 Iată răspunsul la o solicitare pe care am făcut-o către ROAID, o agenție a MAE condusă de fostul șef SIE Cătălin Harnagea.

* * *

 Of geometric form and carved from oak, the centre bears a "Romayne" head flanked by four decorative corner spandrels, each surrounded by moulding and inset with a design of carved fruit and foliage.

* * *

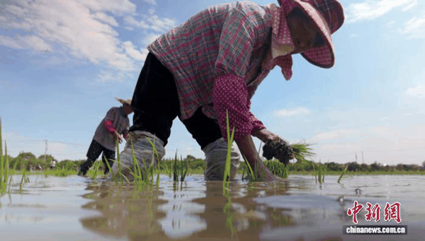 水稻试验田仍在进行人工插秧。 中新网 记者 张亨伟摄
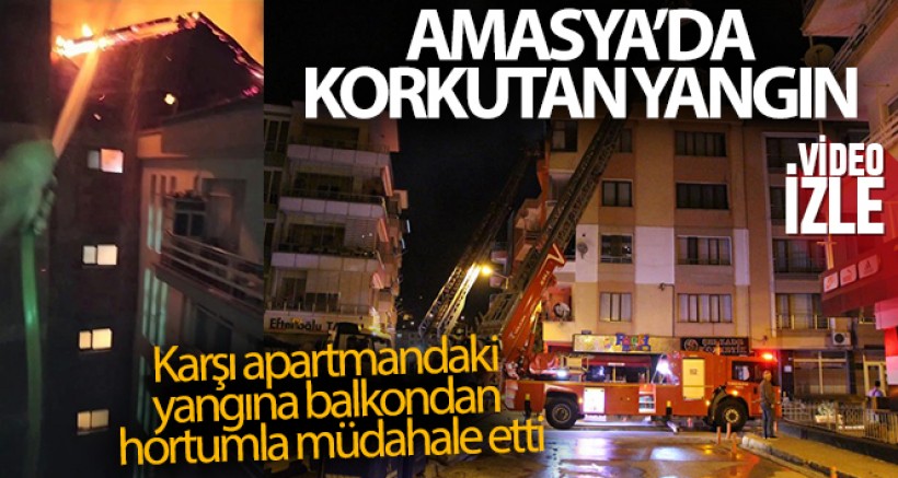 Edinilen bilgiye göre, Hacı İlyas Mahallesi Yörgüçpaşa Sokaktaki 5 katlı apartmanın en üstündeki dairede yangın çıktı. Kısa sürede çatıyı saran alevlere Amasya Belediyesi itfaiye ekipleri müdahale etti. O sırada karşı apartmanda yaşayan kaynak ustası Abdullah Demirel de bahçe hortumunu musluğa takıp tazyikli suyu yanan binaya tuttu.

* * *

— Task description —
Give again, exactly as written above, each line from the one that has "水稻试验田仍在进行人工插秧。 中新网 记者 张亨伟摄" to the one that has "Edinilen bilgiye göre, Hacı", both included; omit the pictures.

— Result of the task —
 水稻试验田仍在进行人工插秧。 中新网 记者 张亨伟摄
 Edinilen bilgiye göre, Hacı İlyas Mahallesi Yörgüçpaşa Sokaktaki 5 katlı apartmanın en üstündeki dairede yangın çıktı. Kısa sürede çatıyı saran alevlere Amasya Belediyesi itfaiye ekipleri müdahale etti. O sırada karşı apartmanda yaşayan kaynak ustası Abdullah Demirel de bahçe hortumunu musluğa takıp tazyikli suyu yanan binaya tuttu.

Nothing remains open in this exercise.